The most relevant connection for this post is La Raza, which connects Line 5 (the airport line) to Line 3 (a north-south line that runs through a lot of nice middle class neighborhoods). The damn thing is over a half-mile long (like the airport) but rather less pleasant. The first time you do it you will notice the science museum laid out along the walls, covering the history of the universe. The 78th time you do it, you will start to feel like the transfer has taken you the entire age of the universe. I can see this being a deterrent, but come on. By the time you have memorized the panels on the evolution of the cockroach, you can start people watching instead.
The wildest is Chabacano, which connects lines 2, 8, and 9 in wild mess of tunnels, bridges, and escalators. Up-down up-down up-down, great for kids, less so for commuters. But the brutalist architecture is so cheap that it’s charming. In fact, you might recognize some it: they filmed the subway shootouts in Total Recall there. Click the link. The station really is laid out just like the chase! No directorial tricks; they just had Arnie make the transfer. With people shooting at him.
The weirdest is Ermita connecting Line 2 and the newest Line 12. The corridors zig and zag like a protractor. I have no idea why, but if I had to guess, it was much cheaper than just barreling a straight connection through. Kinda triples the distance.
The best is Zapata. Just take it. Much more interesting stuff on the walls than the science museum at La Raza.

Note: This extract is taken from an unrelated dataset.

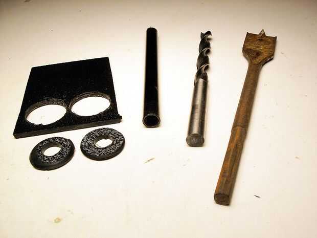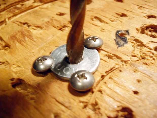 - Cuidadosamente centro su 5/16" taladro del pedacito y taladrar el orificio central.
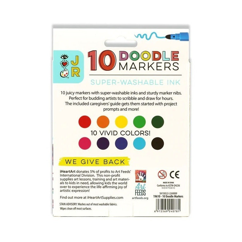 I HEART ART. Junior - Marcadores Super Lavables (10pk) BRIGHT STRIPES. 100%ORIGINAL Prepárate para dibujar, garabatear y garabatear con los marcadores perfectos para los más pequeños. Estos marcadores Doodle tienen el tamaño perfecto para manos pequeñas. ¡Los marcadores cuentan con puntas extra resistentes para los garabatos más entusiastas y enérgicos! No te preocupes mamá, estas 10 tintas de colores brillantes están hechas con una fórmula súper lavable! La colección iHeartArt JR es de materiales de arte de alta calidad hechos especialmente para niños pequeños de 3 a 5 años. ***iHeartArt dona el 5 % de sus ganancias a su socio benéfico, Art Feeds, que brinda lecciones de arte, capacitación y materiales de arte a niños necesitados. ------------------------------------------------------------ ------------------------------------------------------------

And the longest? Oh sweet Mary mother of God, Atlatilco. It connects Line 8 and Line 12. It goes on forever. I did it precisely once, just to see it. I will not voluntarily do it again.
I could go on.
Anyway, the long La Raza connection is not why few people take the airport line. Nor is it crowding. (Want to go to Condesa? Line 5 to Line 9. Annoying transfer; you gotta climb a lot of escalators. But it is still crazy fast and there is very little crowding, even by D.C. standards.)
No, it is just that too many upper middle class chilangos still feel weird on the metro. You know, people selling you candy and phone chargers and music CDs. (I do not understand that market.) Which is too bad.
But which will soon change. Mexico City is building a new airport right outside the city. The talk is of extending Line B to it ... but the real project will be an express train running from Observatorio, where the new commuter rail from Toluca will come in, out to the new airport. It will not be part of the Metro system (although it will connect to it) and it will cost a lot more than the current 29¢. So the middle class will take it, but the poor will not, and so transit will remain class segregated.
It also looks like the airport might be open before the airport connections, which is going to be a Godawful mess, but that is another story.